Ian Hinder's simfactory users guide lists the conventions used for nodes, MPI ranks, threads, etc. in simfactory and is very handy for this.

Variable

Option

Definition

NODES

nodes

PROCS_REQUESTED

cores

PPN

–ppn

cores per node

NUM_PROCS

processes

NODE_PROCS

processes per node

PROCS

–procs

threads

NUM_THREADS

–num-threads

threads per process

PPN_USED

–ppn-used

threads per node

NUM_SMT

–num-smt

threads per core

I strongly advise to ignore any hyperthreading settings for now since these are usually cluster specific and not very useful for Cactus.

Runscript¶

Runscript and submit script form a pair so typically one needs starts from the same cluster as a template. In my case BlueWaters.

> cp simfactory/mdb/runscripts/bluewaters.run simfactory/mdb/runscripts/cheyenne.run

the edit it in an editor. Since BlueWaters, being a Cray uses aprun but Cheynne uses (in my case) OpenMPI some changes are required to the actual Cactus command line.

Here consulting the cluster provided sample job scripts for a hybrid MPI+OpenMP job using the selected MPI stack are useful: https://arc.ucar.edu/knowledge_base/72581213#QuickstartonCheyenne-submittingSubmittingjobs

You may want to test out e.g. mpirun for the MPI stack to use:

> bash -i
> module load openmpi/4.0.5
> which mpirun
> mpirun --version
> exit

which uses a trick of starting a new shell, then loading the module in there. This ensures that once one runs exit the sub-shell quits and I do not change my actual module environment.
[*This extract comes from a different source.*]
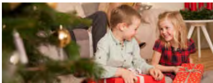
Die besondere Stimmung der Weihnacht einfangen: Mit einigen Tipps gelingen Fotos der Festtage besonders gut.

(djd). Wenn am Weihnachtsabend die ganze Familie zusammenkommt, um gemeinsam die schönste Zeit des Jahres zu zelebrieren, entstehen besondere Momente. Ob beim festlichen Weihnachtsessen, beim Geschenkeauspacken oder gemütlichen Beisammensein rund um den Tannenbaum: Heiligabend bietet zahllose Motive für Familienfotos. Damit die Schnapshotschüsse gelingen, sollte man etwa bei besinnlichem Kerzenschein aufs Blitzen verzichten. Das wichtigste Motiv auf Weihnachtsfotos sind natürlich die Menschen. Um von allen ein schönes Bild einzufangen, eignen sich vor allem kleinere Gruppenbilder. Mehr Tipps für gelungene Weihnachtserinnerungen und Inspirationen erhält man etwa unter www.cewe.de . Hobbyfotografen können online direkt ein Fotobuch mit ihren Lieblingsmotiven erstellen.

I picked some information out of other runscripts using OpenMPI (golub) to set all OpenMPI options and create a uniform job script.

Run script diff¶

In end end I based my runscript on Golub's script since it also uses PBS and OpenMPI:

> diff -uw simfactory/mdb/runscripts/golub.run simfactory/mdb/runscripts/cheyenne.run
--- simfactory/mdb/runscripts/golub.run 2021-08-31 09:57:09.545304000 -0600
+++ simfactory/mdb/runscripts/cheyenne.run      2021-09-16 12:41:56.043078000 -0600
@@ -1,19 +1,22 @@
-#!/bin/sh
+#! /bin/bash

 echo "Preparing:"
 set -x                          # Output commands
 set -e                          # Abort on errors

+cd @RUNDIR@-active
+
 echo "Checking:"
 pwd
 hostname
 date
+cat ${PBS_NODEFILE} > SIMFACTORY/NODES

 echo "Environment:"
 export CACTUS_NUM_PROCS=@NUM_PROCS@
 export CACTUS_NUM_THREADS=@NUM_THREADS@
 export OMP_NUM_THREADS=@NUM_THREADS@
-#env | sort > SIMFACTORY/ENVIRONMENT
+env | sort > SIMFACTORY/ENVIRONMENT

 echo "Job setup:"
 echo "   Allocated:"

Option list¶

Next I take a look at the option list, which is used to compile Cactus. This would have been easisest to do first actually since it does not require submit or run information.

Again, start from a working option list for a similar system. Here though the determining factor is what compiler and MPI stack to use. Sticking with the default compiler for now, one can check which modules are currently loaded:

> module list

Currently Loaded Modules:
  1) ncarenv/1.3   2) intel/19.1.1   3) ncarcompilers/0.5.0   4) mpt/2.22   5) netcdf/4.8.1

which shows the Intel compiler and HPE MPI stack mpt (the latter I did not know about and swapped for OpenMPI).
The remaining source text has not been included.